We end the week with decidedly warmer weather, as well as news about a faculty member’s history book award, previews of next week’s high-profile lectures and much more in this week’s edition of Noteworthy at Northeastern.

Around the Commons

Book cover of The Pursuit of Ruins featuring an ancient carved stone

‘Pursuit of Ruins’ award

Associate Professor of History Christina Bueno was awarded the Michael C. Meyer Award for Best Book on Mexican History in a Five-Year Period during the Rocky Mountain Council for Latin American Studies Annual Meeting April 4-7 in Reno, Nev. Beuno published “The Pursuit of Ruins: Archaeology, History, and the Making of Modern Mexico” in October 2016. The Rocky Mountain Council for Latin American Studies is the oldest Latin American academic organization in the world. During the conference, Beuno also chaired a panel titled “Teaching Latin American History in the 21st Century: Pedagogical Approaches and Problems.”

A great course

The Great Courses, a company that identifies, carefully crafts and distributes polished lecture series for busy lifelong learners who don’t have time to take college classes, has released a course about comparative economics by Professor Emeritus of Economics Edward Stuart. The course, titled “Capitalism vs. Socialism: Comparing Economic Systems,” comprises 24 separate lectures of about 30 minutes each ranging in topics from the economic consequences of European peace to wealth and state control in China.

And there’s more!

In the media

Finding the printers

Printers Row doesn’t have that many printers anymore. Where have they gone? Curbed Chicago published a story about the new home of printers: the Ravenswood neighborhood of Chicago. Traditionally dominated by men, print shops are increasingly being run by women, including Associate Professor of Art Vida Sacic, who runs a letterpress studio. “I think there’s an empowerment to working with heavy equipment,” Sacic told Curbed.

Also in the media ...

  • Telemundo Chicago interviewed Vice President for Student Affairs Daniel López for a story about a new housing scholarship for a Northeastern student identified as homeless.
  • The Chicago Tribune featured the young cast members of the “School of Rock” touring musical. Prominently featured among them is 11-year-old Vincent Molden, son of Associate Professor of Mathematics Nancy Wrinkle.
  • The Pioneer Press reported that Marc Hornstein (B.A. ’97 Criminal Justice) has been named police chief in Winnetka.
  • WTTW’s “Chicago Tonight” reported on this weekend’s Reptile Fest taking place in the P.E. Complex.

To do

The Rastrelli Cello Quartet pose holding their instruments

Jewel Box Series

The Rastrelli Cello Quartet will perform April 20 as part of the Jewel Box Series. A singularly unique ensemble, the Rastrelli Cello Quartet has been thrilling audiences with their renderings of non-traditional programming since 2002. Founder and artistic director Kira Kraftzoff and Kirill Timofeev, Misha Degtjareff and Sergio Drabkin formed the ensemble with a mission to perform music “between the genres,” and their widely varied programs mix comfortably works by Bach, Saint-Saens and Tchaikovsky with that of George Gershwin, Dave Brubeck and Leroy Anderson.
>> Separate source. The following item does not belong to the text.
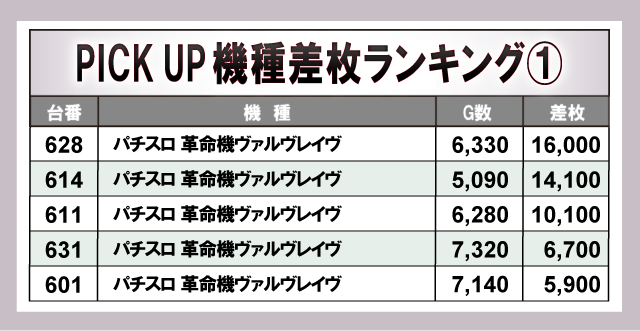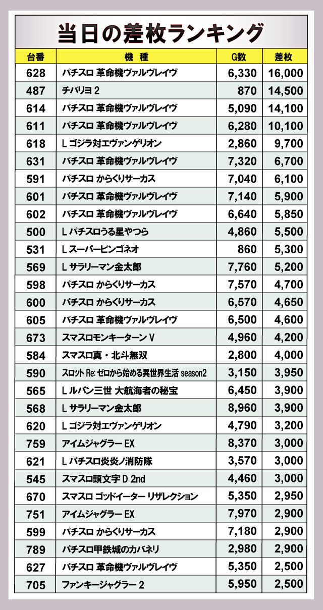 『パチスロ 革命機ヴァルヴレイヴ』、『チバリヨ2』から合計4台の万枚OVERが発生!その内の3台が『パチスロ 革命機ヴァルヴレイヴ』という圧倒的な熱量を披露していた。全体的にまとまった出玉を確保しており、ファンは恍惚の表情を浮かべていたはずだ。

Home Creations founders Mohamad and Jalal Farzaneh

Mossadegh Lecture

The 2017 Ellis Island Medal of Honor recipient, Mohammad Farzaneh, along with his brother, Jalal Farzaneh, the founders of Home Creations, will discuss their journey as immigrants from Iran to Norman, Okla., in 1978 and becoming the largest new home builders in that state during the Annual Mossadegh Servant Leadership Lecture at 3 p.m. April 17 in Alumni Hall North.

Brommel Research Award Lecture

Professor and Chair of Bradley University’s Department of Communication Tony Adams will return to Northeastern to deliver the Brommel Distinguished Research Professor Lecture at 3 p.m. April 18 in Golden Eagles. The lecture is titled “Narrating Forgiveness.” Most of Adams’ research focuses on lesbian, gay, bisexual, transgender and queer (LGBTQ) concerns such as identity management, stigma and social support.

Brommel-Hahs Lecture

University of Massachusetts Amherst Professor Emerita Jarice Hanson will deliver the Brommel-Hahs Lecture at 3 p.m. April 19 in the Recital Hall. The lecture, which is sponsored by the College of Arts and Science and The Department of Communication, Media, and Theatre, is titled “Telling Our Stories in the Age of Social Media.”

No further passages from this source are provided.